# Our Walks at Sunset



## Leann (Jul 24, 2022)

The heat and humidity have been oppressive, not ideal conditions for taking a walk especially with my dog who is double-coated. But it gets almost tolerable in the evening, just before sunset. So out we go. She loves to explore every blade of grass, wild flower, and plant. Sometimes she strolls, sometimes she tries to run to the next thing that catches her attention. Meanwhile, I glance up at the sky periodically and look in absolute awe at the beautiful sunsets. It works for both of us. We get a little bit of exercise and we both come home filled with happiness that only Nature can provide.


----------



## dseag2 (Jul 24, 2022)

Leann said:


> The heat and humidity have been oppressive, not ideal conditions for taking a walk especially with my dog who is double-coated. But it gets almost tolerable in the evening, just before sunset. So out we go. She loves to explore every blade of grass, wild flower, and plant. Sometimes she strolls, sometimes she tries to run to the next thing that catches her attention. Meanwhile, I glance up at the sky periodically and look in absolute awe at the beautiful sunsets. It works for both of us. We get a little bit of exercise and we both come home filled with happiness that only Nature can provide.


I miss walking by the lake so badly.  We got hot in May, so I haven't walked by the lake since April.  The elliptical machine at the gym or walks around the mall just aren't the same.  Glad you and your Furbaby are still able to be out in nature.  It really does change one's outlook on life!


----------



## MickaC (Jul 24, 2022)

Leann said:


> The heat and humidity have been oppressive, not ideal conditions for taking a walk especially with my dog who is double-coated. But it gets almost tolerable in the evening, just before sunset. So out we go. She loves to explore every blade of grass, wild flower, and plant. Sometimes she strolls, sometimes she tries to run to the next thing that catches her attention. Meanwhile, I glance up at the sky periodically and look in absolute awe at the beautiful sunsets. It works for both of us. We get a little bit of exercise and we both come home filled with happiness that only Nature can provide.

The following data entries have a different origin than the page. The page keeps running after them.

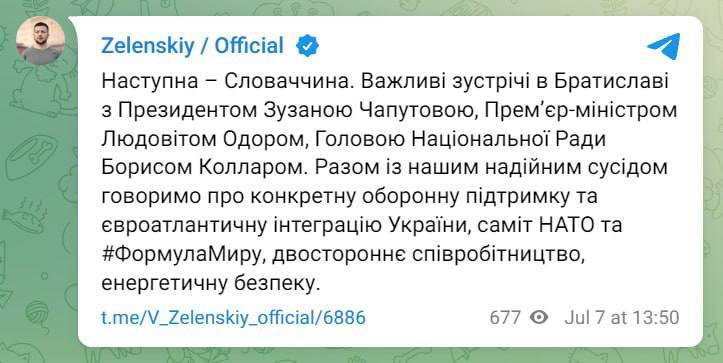 17.05 Зеленский уже в Словакии, где его встретила президент Зузана Чапутова.
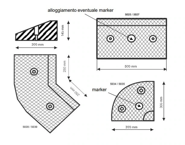 Cordolo 'Maxi' Multifunzione Costituiti da Elementi Componiibili in Gomma 'Maxi' è un cordolo stradale cuneiforme eco-sostenibile, costituito per oltre il 90% di gomma riciclata. Per fornire una visibilità ottimale del prodotto, a richiesta, può essere verniciato con vernice poliuretanica per aumentare la resistenza agli agenti atmosferici. Al centro dell’elemento lineare è possibile inserire un marker in cristallo. Gli elementi a 90° sono già completi di marker in cristallo. Maxi è un cordolo multifunzionale che può essere utilizzato sia per la delimitazione di marciapiedi, aiuole, isole di traffico, rotatorie, che per la realizzazione di restringimenti della carreggiata per rallentare il traffico. Per quanto riguarda le rotatorie, la conformazione del cordolo in funzione del raggio delle stesse non comporta un sovrapprezzo. Il cordolo 'Maxi' presenta la forma a cuneo che lo rende idoneo ad ogni tipo di traffico; il fissaggio al suolo è garantito, per ogni cordolo, da due tasselli e a richiesta è fornito un marker in cristallo da inserire nell'idoneo alloggiamento predisposto.UtilitàIl prodotto ha la funzione di delimitare marciapiedi,aiutole, isole di traffico, rotatorie. Inoltre occorre per la realizzazione di restringimenti della carreggiata per rallentare il traffico. Modalità d'installazioneAncorare il cordolo Maxi al suolo con n. 2 tasselli 12x160 mm Materiali CostruttiviGomma riciclataColoriElementi in gomma:  nero - giallo - rosso - biancoFissaggio2 Tasselli di fissaggio 12x160 completi di tirafondi e rondelle (4 tasselli 12x160 mm per gli elementi a 90°)Su richiesta: Marker in cristalloCaratteristiche tecnicheNorme di riferimentoArt. 176 del Regolamento di Esecuzione e di Attuazione del Codice della StradaArt. 177 del Regolamento di Esecuzione e di Attuazione del Codice della StradaMinistero delle Infrastrutture e dei Trasporti, prot. nr.3151 del 30 dicembre 2002D.M. 5 Febbraio 2015 (Criteri ambientali minimi per l'acquisto di articoli per l'arredo urbano)D.M. 8 Maggio 2003, n. 203D.M. 5 Novembre 2001, n.6792
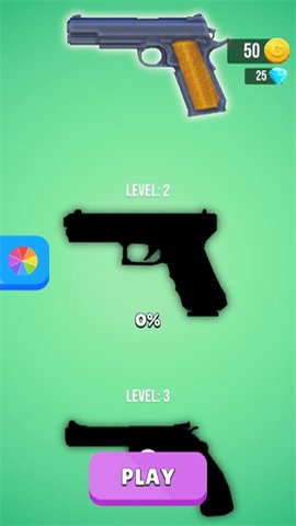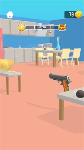 1、玩家在游戏中操控一支手枪参与跑酷挑战,灵活操作躲避障碍物,不断升级手枪等级,并在抵达终点时成功击中宝箱,获得丰厚奖励。
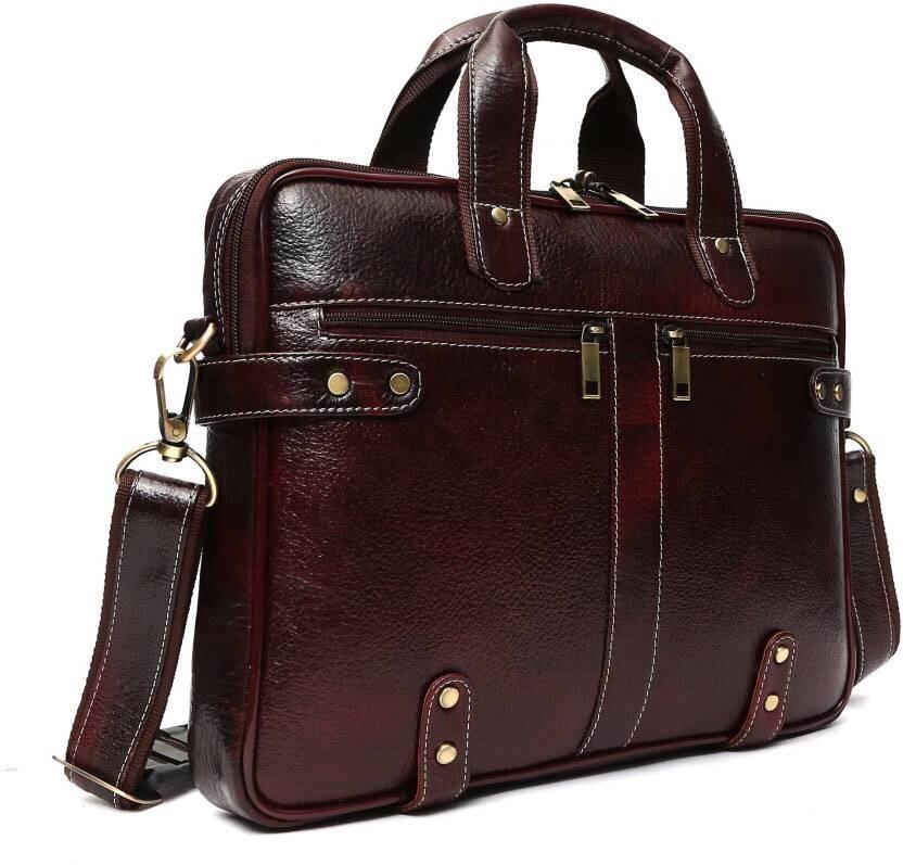 Custom Factory High Quality Lightweight Genuine Leather Laptop Messenger Briefcase Satchel Bag 15.6 Inch Unisex Customized Color
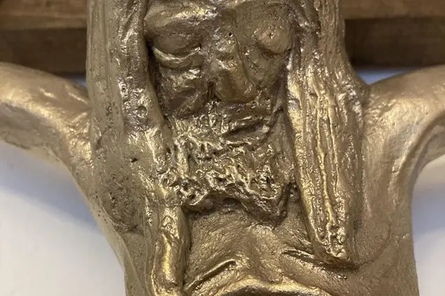 Un crocifisso ispirato all’uomo della Sindone: una piccola scultura in bronzo, fissata a una croce in legno di ciliegio. Piccola nelle dimensioni, ma densa di significati. Un crocifisso “atipico”, che trascende l’iconografia tradizionale (ereditata da millenni di storia dell’arte), per restituirci un’immagine più coerente con i dati storici e scientifici relativi alla crocifissione, pratica di disumana crudeltà, che esponeva il condannato a sofferenze indicibili. Ma quell’opera è atipica anche perché nata in modo speciale: a realizzarla, infatti, è stato lo scultore non vedente Andrea Bianco.
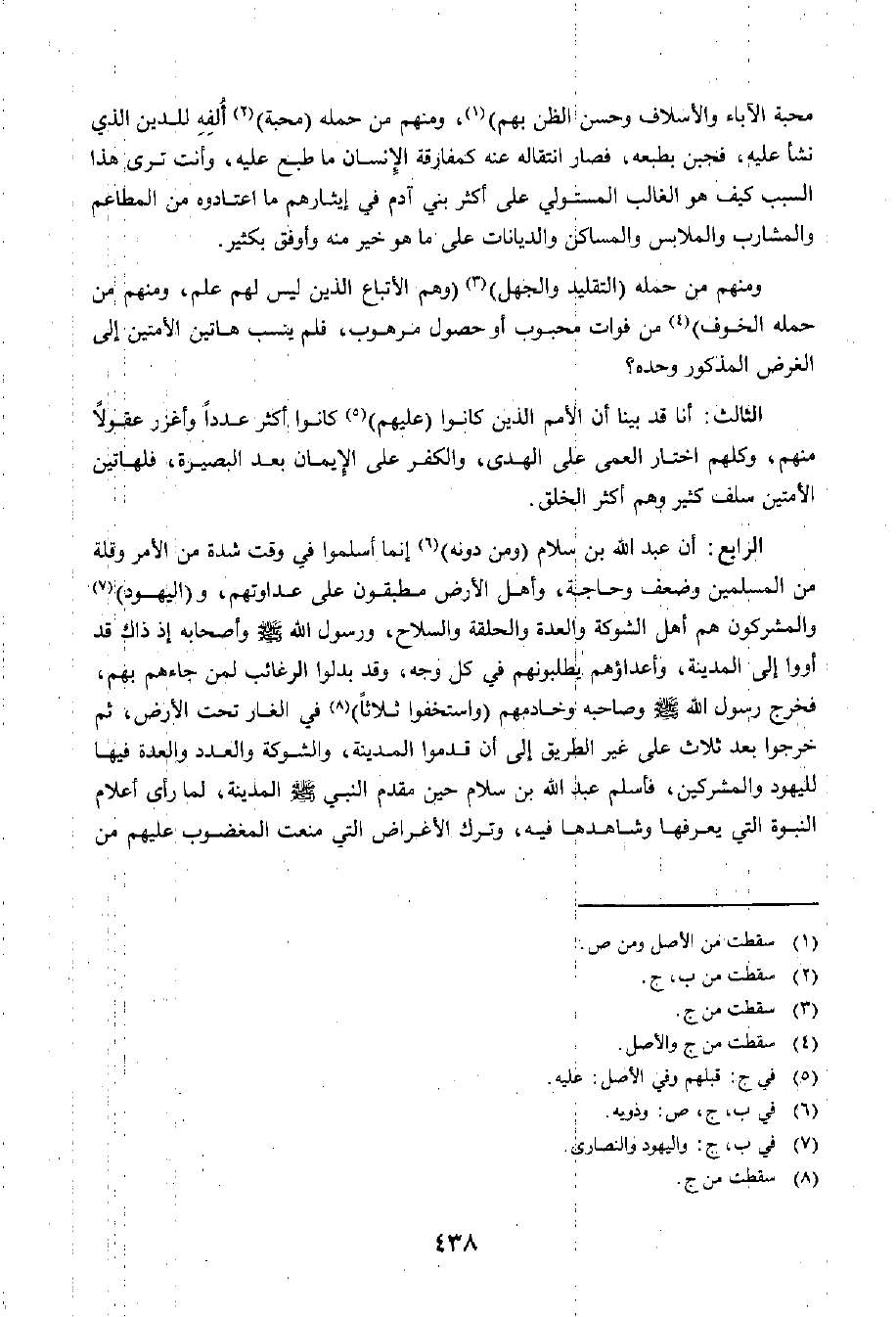 الرَّابِعُ: أَنَّ عَبْدَ اللَّهِ بْنَ سَلَامٍ وَمَنْ دُونِهِ إِنَّمَا أَسْلَمُوا فِي وَقْتِ شِدَّةٍ مِنَ الْأَمْرِ وَقِلَّةٍ مِنَ الْمُسْلِمِينَ وَضَعْفٍ وَحَاجَةٍ، وَأَهْلُ الْأَرْضِ مُطْبِقُونَ عَلَى عَدَاوَتِهِمْ، وَالْيَهُودُ وَالْمُشْرِكُونَ هُمْ أَهْلُ الشَّوْكَةِ وَالْعُدَّةِ وَالْحَلَقَةِ وَالسِّلَاحِ، وَرَسُولُ اللَّهِ صَلَّى اللَّهُ عَلَيْهِ وَسَلَّمَ وَأَصْحَابُهُ إِذْ ذَاكَ قَدْ أَوَوْا إِلَى الْمَدِينَةِ، وَأَعْدَاؤُهُمْ يَطْلُبُونَهُمْ فِي كُلِّ وَجْهٍ، وَقَدْ بَذَلُوا الرَّغَائِبَ لِمَنْ جَاءَهُمْ بِهِمْ، فَخَرَجَ رَسُولُ اللَّهِ صَلَّى اللَّهُ عَلَيْهِ وَسَلَّمَ وَصَاحِبُهُ وَخَادِمُهُمْ وَاسْتَخْفُوا ثَلَاثًا فِي غَارٍ تَحْتَ الْأَرْضِ، ثُمَّ خَرَجُوا بَعْدَ ثَلَاثٍ عَلَى غَيْرِ الطَّرِيقِ إِلَى أَنْ قَدِمُوا الْمَدِينَةَ، وَالشَّوْكَةُ وَالْعَدَدُ وَالْعُدَّةُ فِيهَا لِلْيَهُودِ وَالْمُشْرِكِينَ، فَأَسْلَمَ عَبْدُ اللَّهِ بْنُ سَلَامٍ حِينَ مَقْدَمِ النَّبِيِّ صَلَّى اللَّهُ عَلَيْهِ وَسَلَّمَ الْمَدِينَةَ، لَمَّا رَأَى أَعْلَامَ النُّبُوَّةَ الَّتِي كَانَ يَعْرِفُهَا وَشَاهَدَهَا فِيهِ، وَتَرَكَ الْأَغْرَاضَ الَّتِي مَنَعَتِ الْمَغْضُوبَ عَلَيْهِمْ مِنَ

Awesome….Nature gives us so much sometimes we don’t realize it.


----------



## MarkinPhx (Jul 24, 2022)

I try to get a walk in every morning in the summertime before it gets too hot and I love watching the sunrise when I do. It was too hot last week for the walk though. There used to be a mall across the street from me where people would go on summer mornings to take their walks indoors. However like many malls across the country, it was torn down last fall to make way for luxury apartments.


----------



## Jules (Jul 24, 2022)

I walk in the morning and in the evening my husband walks with me.  It used to be an afternoon walk; it’s too hot for that right now.


----------



## ElCastor (Jul 24, 2022)

We are gifted with cool weather, and put in a little less than a mile today.


----------